Song of Songs
(General presentation)
In the Biblical Message, the Song of Songs is illustrated across five canvases evoking the famous poem of the Bible. Despite its carnal dimension, this love song, taken to have been written by Solomon, was included as one of the books of the Bible, so effectively that the Jews turned it into a symbol of the covenant between God and his people, Christians, the love song between God and his church.
Various shades of red and pink conjure up the softness of flesh and sensuality, but also the colour of blood – thereby recalling the violence of the biblical story and that of Chagall’s chosen hero, David. To have Bathsheba for himself, he sent her husband into battle so that he would die. The compositions are structured around circular shapes which lead our eye on from one painting to the next.
Chagall manages to make the three dimensions of the Song of Songs felt: musical, sacred and carnal.
Song of Songs I
1960
Oil on canvas
146.5 x 171.5 cm
The entwined couple, at bottom right here, are a feature of all the paintings in this cycle.
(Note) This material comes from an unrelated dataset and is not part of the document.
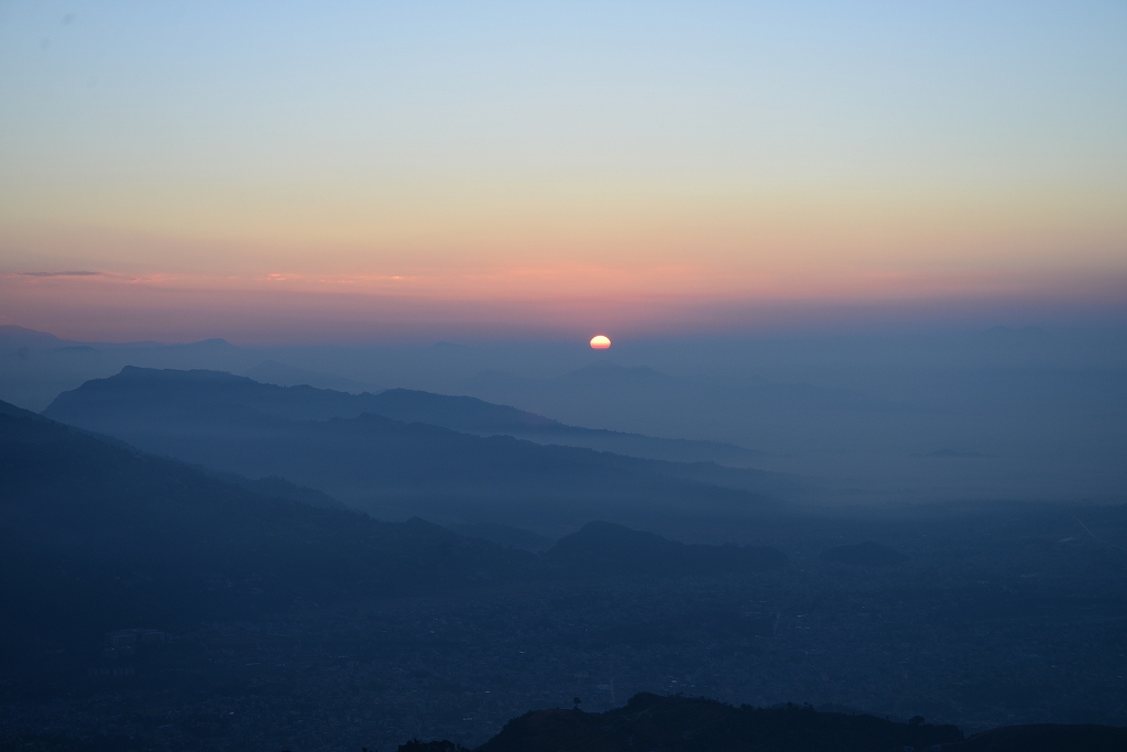 朝日を見にいく場合は多くの人が訪れます。暗いうちにポカラの街を出発して歩いても行けますが、前日にタクシーを予約しておいて5時過ぎに出発して見に行くのが一番簡単で楽です。タクシーも人によって停める場所が異なり、本当に近くまで行く人もいれば、麓の遠い場所で降ろす人もいます。運転手の力、渋滞など避けるためなど色々考えがあるようです。麓の遠い場所で降ろされると、登るのに若い人でも1時間位は掛かります。朝日は時間が決まっていますので、タクシーの運転手と相談して出発時間は余裕を持った方が良いと思います。山頂でも人が多く、ベストポジションを確保するには更に早く行く必要があります。ちょっと油断していると割り込みもいます。日本人も多いですが、最近は隣国の人が目立ちます。

The yellow and blue gazelles visible in the top left-hand corner evoke this erotically-charged verse of the Song of Songs: “Your two breasts are like two fawns/ Twin fawns of a gazelle/ Which feed among the lilies”. David is not actually present, but there are two allusions to him: his throne in the right corner of the canvas and a bird playing the lyre – the King’s favourite instrument – on the left.
Down the right-hand edge of the painting is a town plunged into darkness and the silhouette of a young naked woman: in the Song of Songs, the fiancée wanders the streets of Jerusalem at night in search of her beloved.